# Bench: validating forge's flexibility without performance regression

This chapter describes the public benchmark suite shipped with `mujoco-wasm-forge`.
The suite exists to justify *why forge exists*:

- **Flexibility**: a minimal, configurable interface surface and multiple distribution variants (e.g. single-threaded vs pthreads).
- **Flatness**: flat handles and a predictable ABI that downstream tools and apps can build around (Worker / Node / Web).
- **Rule-based, auditable generation**: wrappers/exports are generated and checked by rules so changes are explicit and reviewable.

In forge, **flexibility** is framed as a complement to the official embind distribution. Official embind typically offers
a richer, stable, and ergonomic binding surface, but that breadth also comes with a larger surface area and a more
standardized distribution shape, which can make fine-grained control over variants and exported ABI less direct. Forge
instead relies on the **flat ABI organization**
and the **automated output structure** (stable dist layout + ABI artifacts + rules/gates): most changes are
`change rules -> regenerate -> gate`, which is designed to be auditable and variant-friendly.

Forge is intended to be usable in **extreme deployment environments** (e.g. online demos with strict security and
resource constraints) and in **research prototyping** workflows, while still being a reasonable base for routine use.
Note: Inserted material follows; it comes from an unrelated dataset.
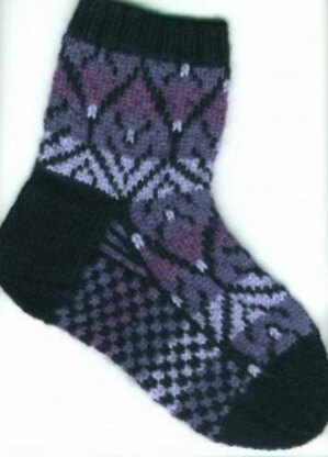 Brown Sheep Nature Spun Worsted, 100% wool, 245 yds / 3.5 oz pull skeins: 1 skein each #119 Bulldog Blue or #730 Natural (MC), N64 Platte River Blue (CC1), N66 Mill Blue (CC2), and N80 Mountain Purple (CC3) (2 skeins of **MC **will allow 2 pair to be knit.)

The benchmark asks a concrete question:

> Under these design constraints, does forge stay in the same performance class as the official MuJoCo embind WASM build
> for Simulate-style workloads? (And when it differs, is the reason attributable and controllable?)

This is **not** a claim that forge is universally better than official embind. The two distributions have different
goals; the bench is here to make trade-offs visible, reproducible, and discussable.

## What we measure (organized by user needs)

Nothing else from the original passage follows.